» What to produce: Leaving out the images, repeat all the lines below exactly.

(Extracted data entries)
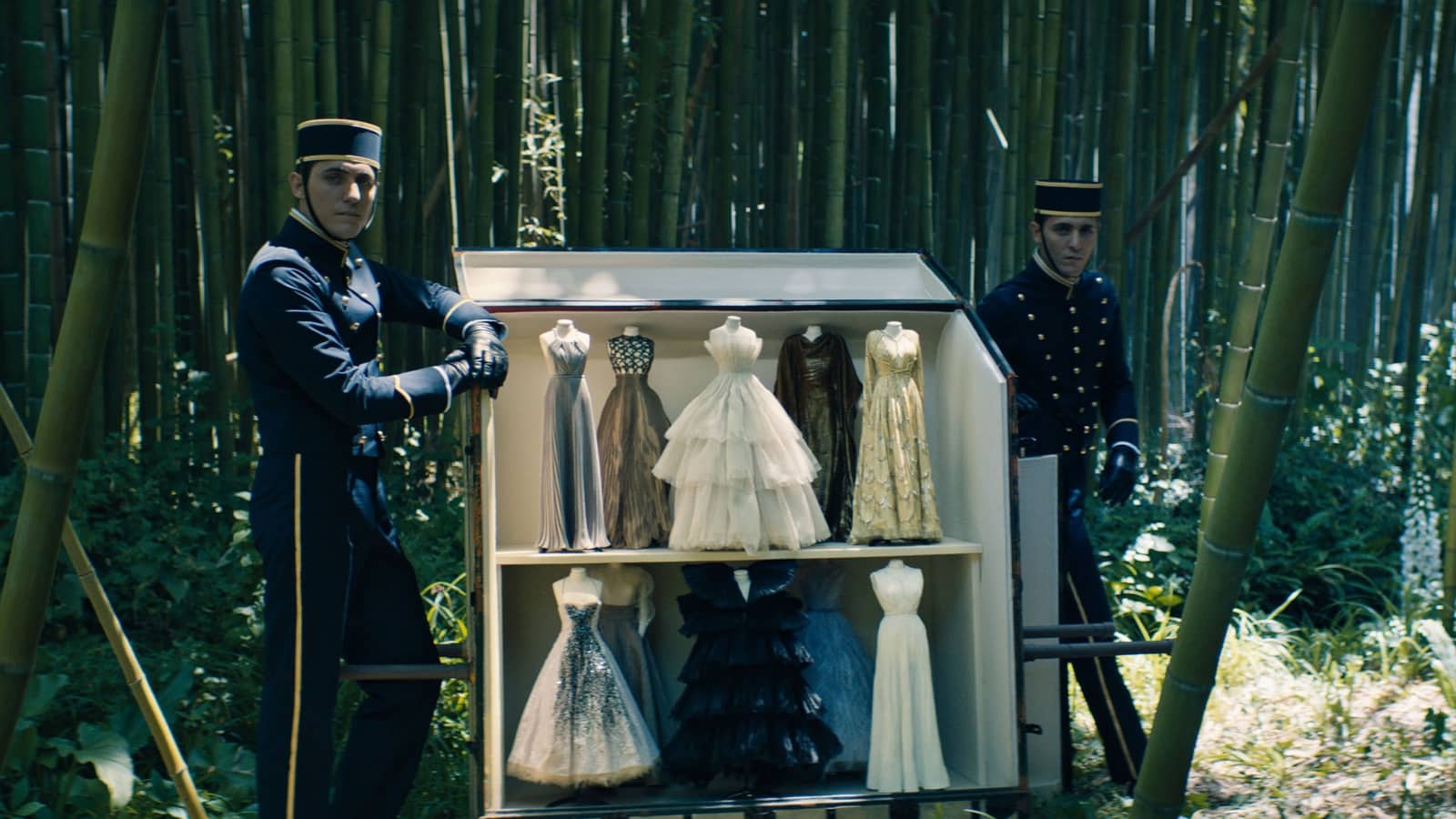 And then, in the best way of all, a number of key looks from the collection were created in miniature on mannequins 40cm tall. The outfits were made painstakingly to scale, constructed fully with the technique and detail of their full-sized counterparts. In Garrone’s film, these are delicately placed and carried around in a magical trunk modelled after the house’s historic 30 Avenue Montaigne building. The creatures of the forest take their pick from the offering, and so the story goes.
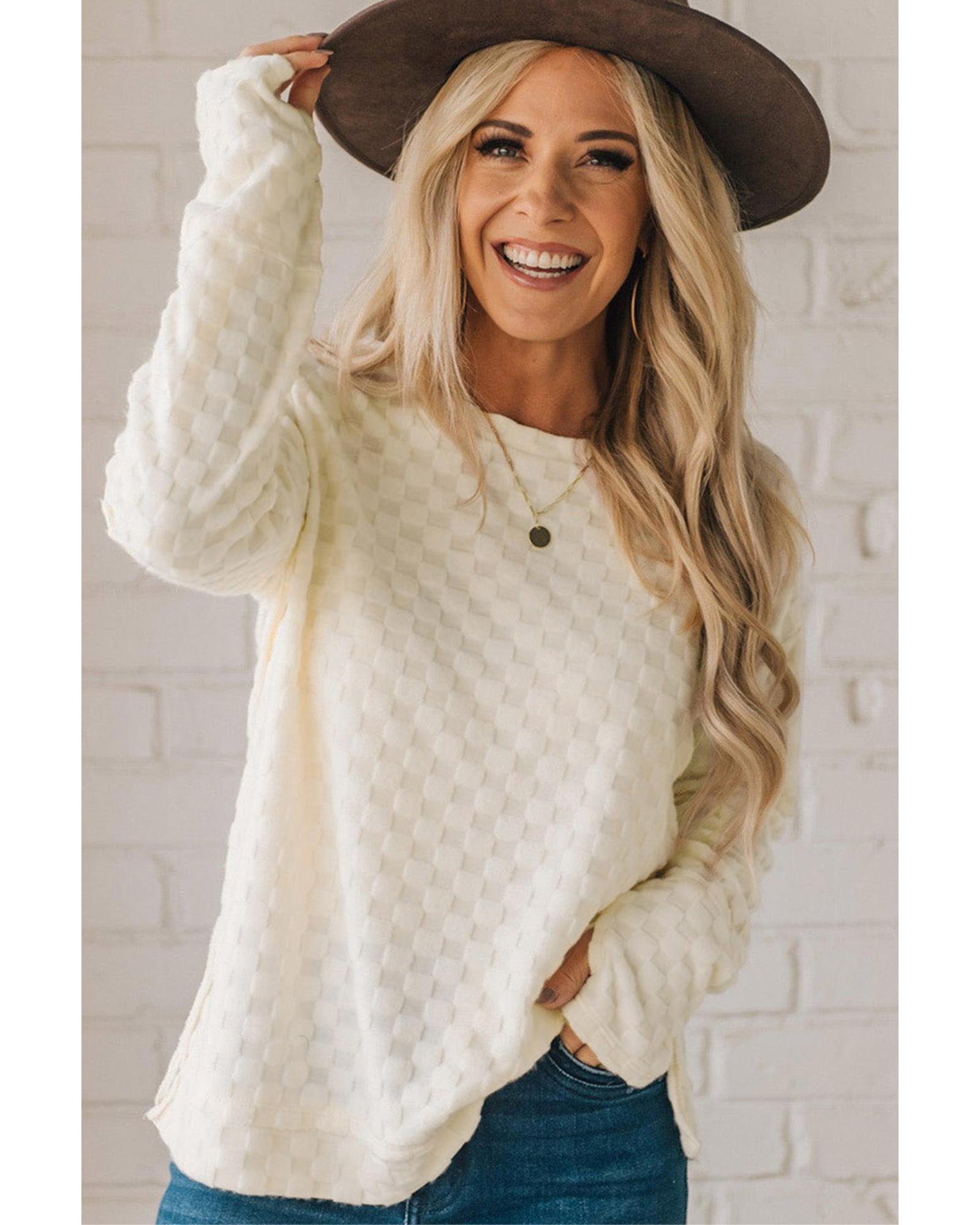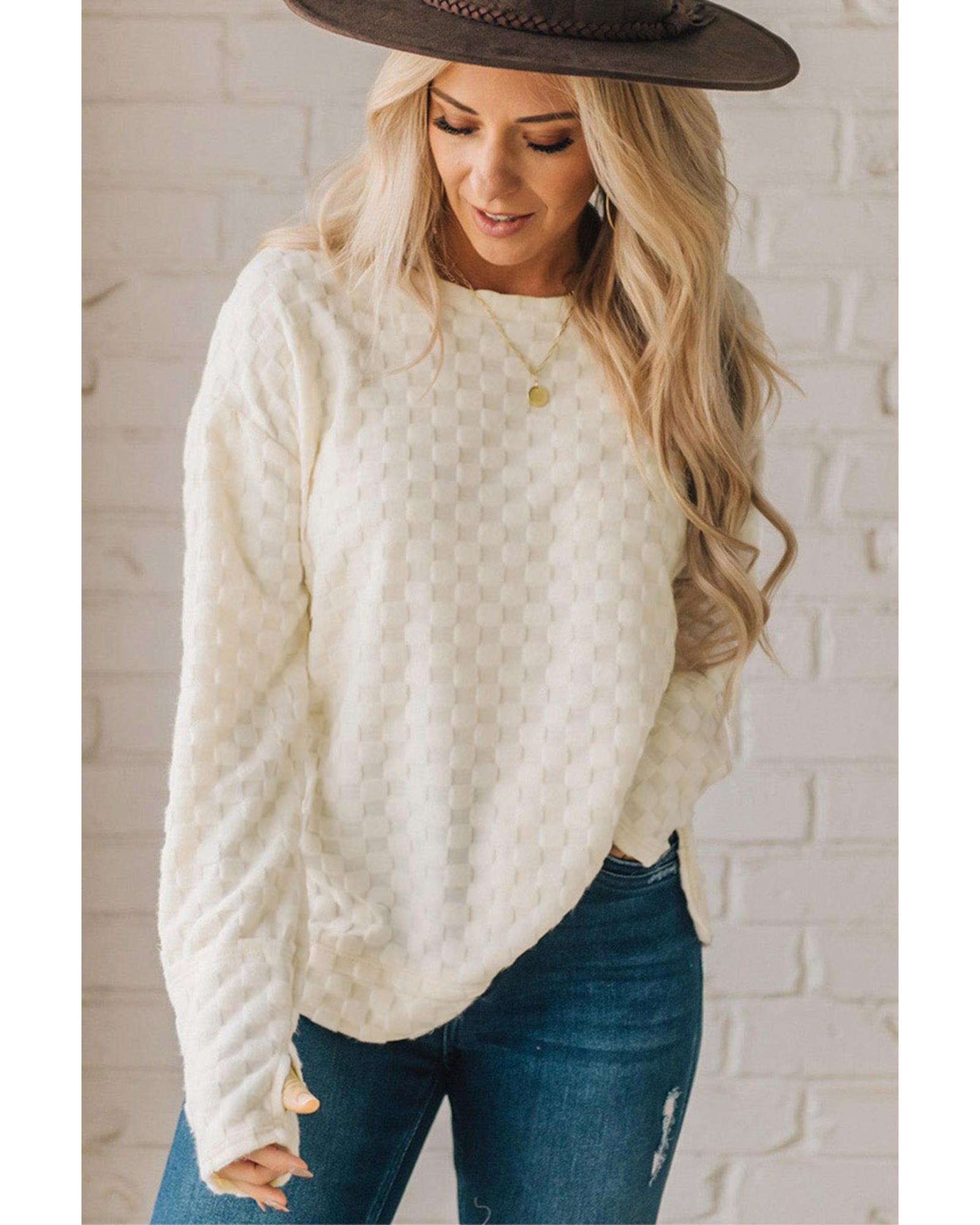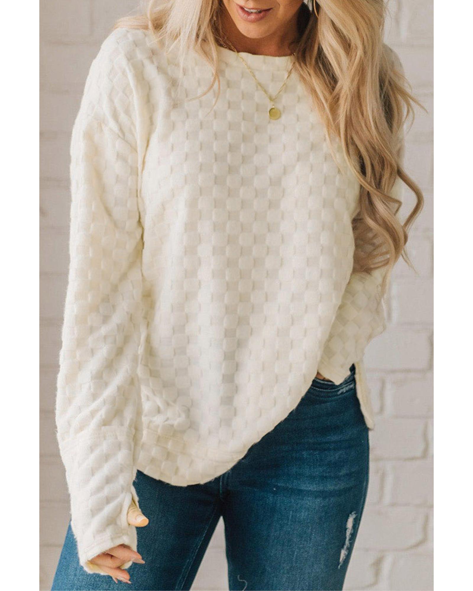 Beige solid textured thumbhole sleeve top Must - have item for autumn wardrobe Unique textured design for visual effect Crew neck thumbhole sleeves and side slits Versatile and suitable for most occasions
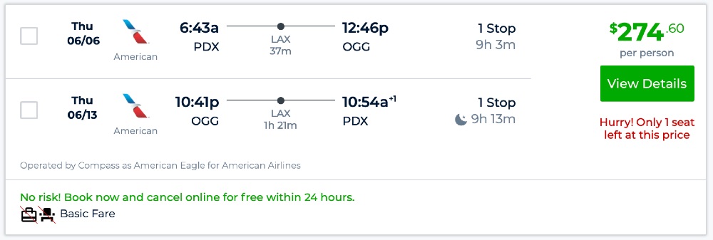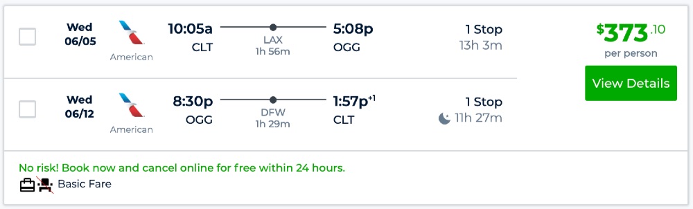 Amazing deal: CLT, PDX, SEA, BOS, IAH to Hawaii: Maui and vice versa flights round-trip as low as $275.
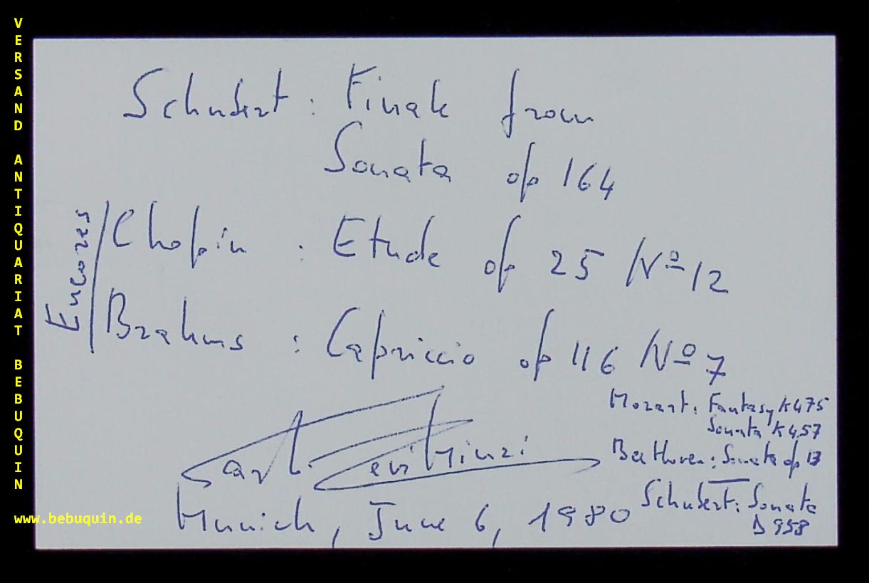 LEVI-MINZI, Carlo (Pianist): eigenhändig signierte und datierte Autogrammkarte. München (Herkulessaal), 6.6.1980. 8 x 12,5 cm. Karteikarte. Carlo Levi Minzi studierte bei Enrica Cavallo, Vladimir Natanson, Paul Baumgartner und Mieczyslaw Horszowski. Konzerte führten ihn in vielen großen europäischen und amerikanischen Musikmetropolen. Rundfunk-, Fernsehaufnahmen und CD- Produktionen spiegeln sein breites pianistisches Spektrum wider. Sein Repertoire, das von Bach bis zur zeitgenössischen Literatur reicht, umfasst sämtliche Sonaten von Mozart, Beethoven, Schubert und Skrjabin und mehr als 50 Konzerte für Klavier und Orchester. Carlo Levi Minzi ist ordentlicher Professor am Conservatorio “G. Verdi” Mailand. Zudem ist er häufig “Visiting Professor” exklusiver musikalischer Stiftungen. (Selbstportrait)
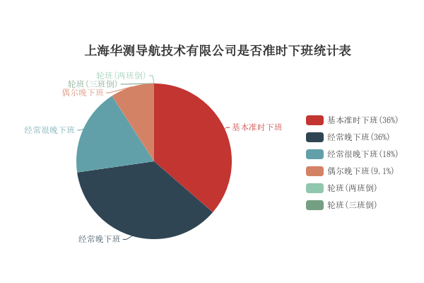 该公司加班现象比较严重。根据数据统计,多数人在下班时间上较为规律,其中(36%)的人能够准时离开,(9%)的人偶尔会晚些下班,(36%)的人则经常晚归,更有(18%)的人常常很晚才下班。至于周末加班情况,(27%)的人周六会频繁加班,(18%)的人周六周日都会加班,(36%)的人偶尔在周末加班,而(18%)的人则周末两天都不加班。
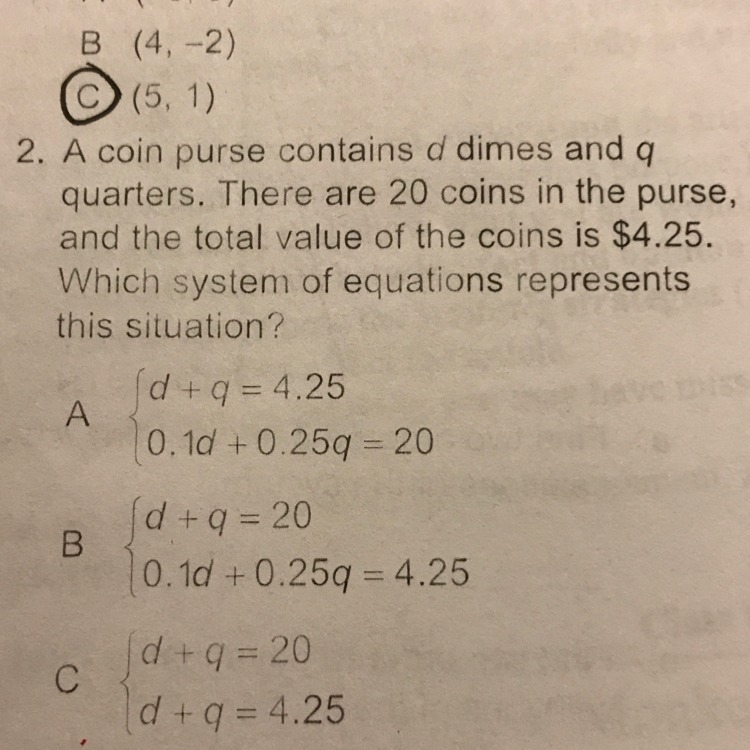I'm pretty sure it's C since d plus q have two answrrs, 20 and 4.25 : P

» Result of this exercise:
 And then, in the best way of all, a number of key looks from the collection were created in miniature on mannequins 40cm tall. The outfits were made painstakingly to scale, constructed fully with the technique and detail of their full-sized counterparts. In Garrone’s film, these are delicately placed and carried around in a magical trunk modelled after the house’s historic 30 Avenue Montaigne building. The creatures of the forest take their pick from the offering, and so the story goes.
 Beige solid textured thumbhole sleeve top Must - have item for autumn wardrobe Unique textured design for visual effect Crew neck thumbhole sleeves and side slits Versatile and suitable for most occasions
 Amazing deal: CLT, PDX, SEA, BOS, IAH to Hawaii: Maui and vice versa flights round-trip as low as $275.
 LEVI-MINZI, Carlo (Pianist): eigenhändig signierte und datierte Autogrammkarte. München (Herkulessaal), 6.6.1980. 8 x 12,5 cm. Karteikarte. Carlo Levi Minzi studierte bei Enrica Cavallo, Vladimir Natanson, Paul Baumgartner und Mieczyslaw Horszowski. Konzerte führten ihn in vielen großen europäischen und amerikanischen Musikmetropolen. Rundfunk-, Fernsehaufnahmen und CD- Produktionen spiegeln sein breites pianistisches Spektrum wider. Sein Repertoire, das von Bach bis zur zeitgenössischen Literatur reicht, umfasst sämtliche Sonaten von Mozart, Beethoven, Schubert und Skrjabin und mehr als 50 Konzerte für Klavier und Orchester. Carlo Levi Minzi ist ordentlicher Professor am Conservatorio “G. Verdi” Mailand. Zudem ist er häufig “Visiting Professor” exklusiver musikalischer Stiftungen. (Selbstportrait)
 该公司加班现象比较严重。根据数据统计,多数人在下班时间上较为规律,其中(36%)的人能够准时离开,(9%)的人偶尔会晚些下班,(36%)的人则经常晚归,更有(18%)的人常常很晚才下班。至于周末加班情况,(27%)的人周六会频繁加班,(18%)的人周六周日都会加班,(36%)的人偶尔在周末加班,而(18%)的人则周末两天都不加班。
I'm pretty sure it's C since d plus q have two answrrs, 20 and 4.25 : P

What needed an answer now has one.